Paris Won’t Patrol New Part of ‘No-Fly’ Zone
PARIS — French President Jacques Chirac on Thursday rebuffed Secretary of State Warren Christopher’s plea for help in enforcing the expanded “no-fly” zone in southern Iraq, dashing U.S. hopes of refurbishing the Persian Gulf War coalition.
In a statement issued by Chirac’s office following the French president’s hourlong meeting with Christopher, the French government said its warplanes will resume patrolling Iraqi airspace south of the 32nd parallel, the boundary of the “no-fly” zone before President Clinton enlarged it this week up to Baghdad’s southern suburbs. But the French declined to patrol between the 32nd and 33rd parallels, the area that was added.
Nevertheless, State Department spokesman Nicholas Burns said Christopher was pleased with the outcome of the meeting, because France agreed not to pull out entirely from the coalition with Britain and the United States that has been enforcing two “no-fly” zones over Iraq since shortly after the 1991 Gulf War. American officials said the more drastic step had been under consideration.
French planes have not operated in the northern “no-fly” zone, which covers Kurdish territory, or flown north of the 30th parallel in the zone covering the largely Shiite Muslim south, since the U.S. missile attacks and Clinton’s expansion of the southern zone. French officials described the suspension as a protest against the U.S. actions.
The French issued their three-sentence statement without first showing it to the U.S. side, as diplomatic courtesy dictates. That immediately produced a new Washington-Paris dispute, demonstrating the extent of the damage done to the often prickly relationship by the unilateral U.S. decisions regarding Iraq.
France said it had agreed to resume full air operations because Christopher “confirmed the end of the American operation ‘Desert Strike’ in Iraq.” But Burns disputed the French interpretation. He said Christopher did not promise, in order to get French planes back on full patrol, that there would be no more missile strikes. He said Christopher only told the French that the operation had achieved its purpose, not that it was definitely over.

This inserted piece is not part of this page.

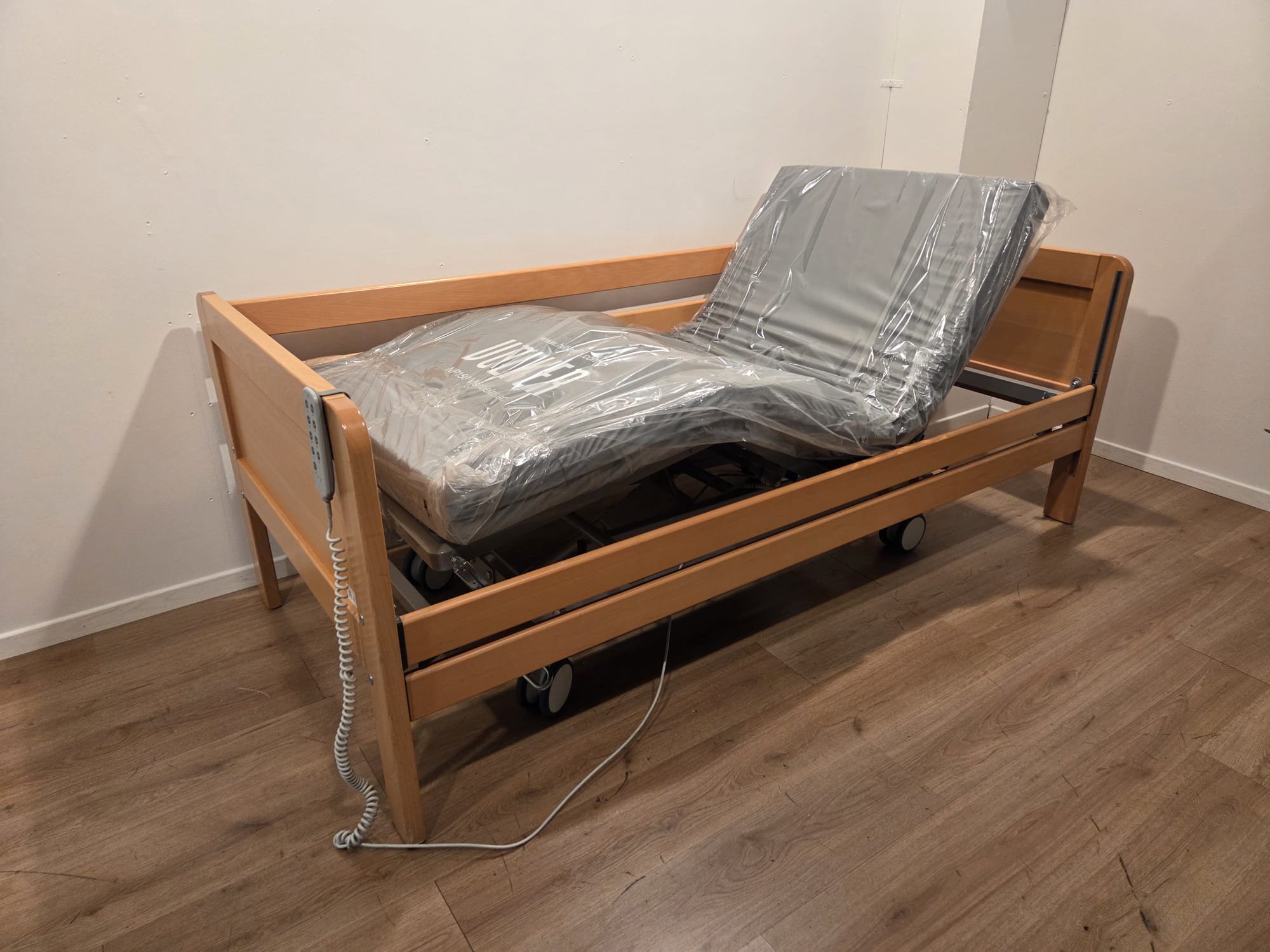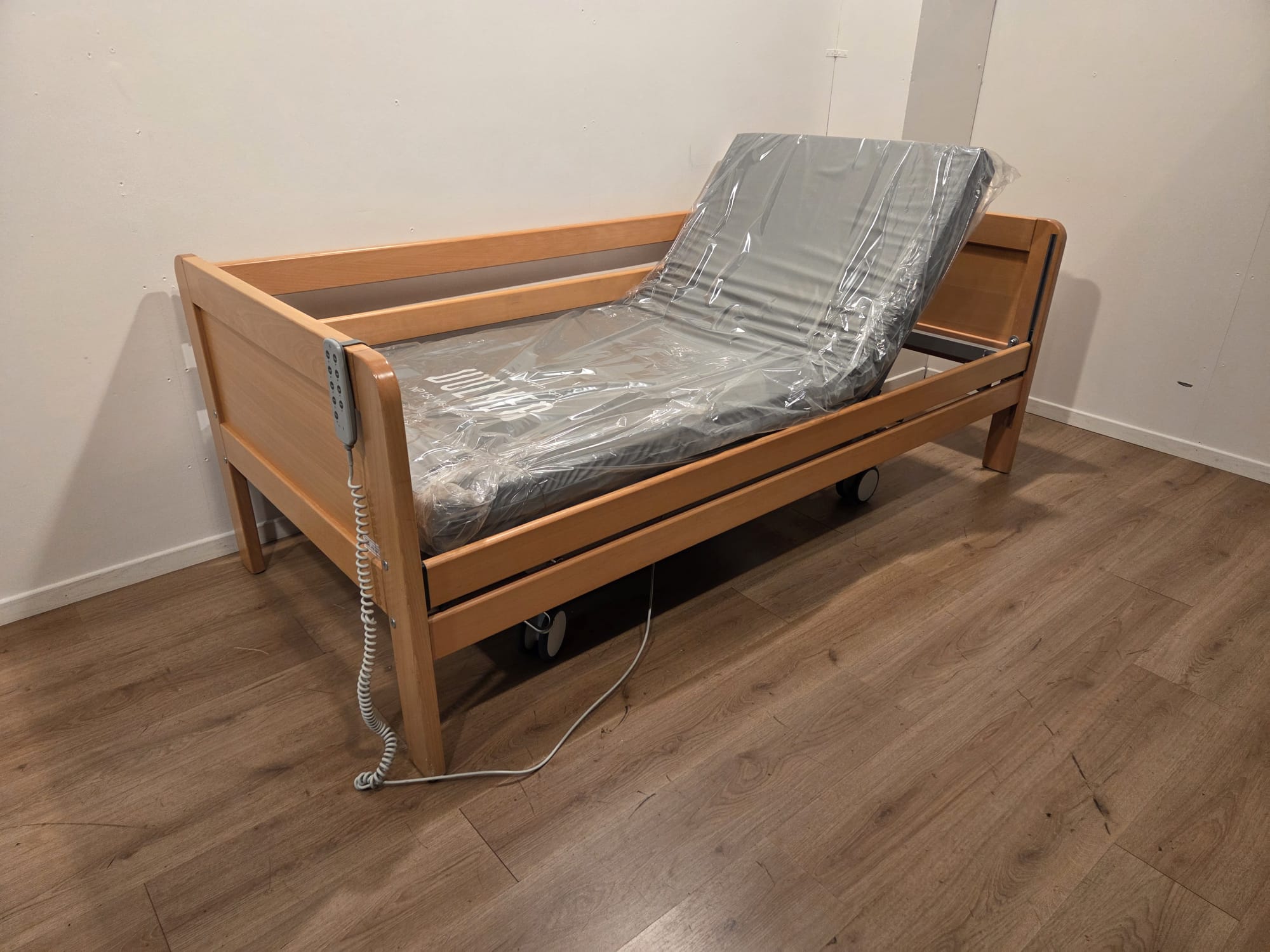 Het Braekevelt HL #73A Elektrisch Hoog-Laag Thuiszorgbed is een kwalitatief hoogwaardig zorgbed dat comfort en functionaliteit biedt. Het bed kan geleverd worden met een normaal of koudschuim incontinentiematras, ideaal voor zorgsituaties waarin hygiëne en gemak van groot belang zijn.

“The United States does retain all options for the future to counter aggression by [Iraqi President] Saddam Hussein,” Burns added.
The French government said its warplanes would not resume full air operations in Iraq until Monday, probably to make sure that U.S. attacks do not resume.
Before Christopher’s meeting with Chirac, U.S. officials said Washington was very anxious to obtain French participation in policing the enlarged zone, although the United States and Britain “are fully capable of enforcing” the “no-fly” policy without additional help.
Christopher flew to Paris after a happier meeting earlier Thursday in London with British Foreign Secretary Malcolm Rifkind. During a joint news conference with Christopher, Rifkind said: “It is crucially necessary that, whenever [Hussein] initiates either repression or aggression, that he should end up losing more than he thinks he has gained.”
Meanwhile, international criticism of the United States’ unilateral actions against Iraq continued Thursday, according to news agency reports:
* Russian security chief Alexander I. Lebed said the United States is behaving like a “bull in a china shop.” Lebed accused Clinton of ordering the attacks to enhance his chances in the November election.
* Chinese Foreign Ministry spokesman Shen Guofang, briefing reporters in Beijing, said China expressed “strong displeasure” over the U.S. missile attacks and urged both the United States and Iraq to end their military actions.
* Egyptian commentator Nabil Omar, writing in the government newspaper Al Ahram, said: “Since it reached the apex of the pyramid in the new world order, the United States has been adopting the behavior of the cowboy and the quarrelsome bully in every international crisis.”
* The government of Pakistan ordered increased security at U.S. and British diplomatic missions in Islamabad and Lahore. Demonstrators opposed to the U.S. actions had thrown stones at the U.S. Consulate in Lahore on Wednesday.
* Demonstrators in Dhaka, the Bangladeshi capital, burned Clinton in effigy.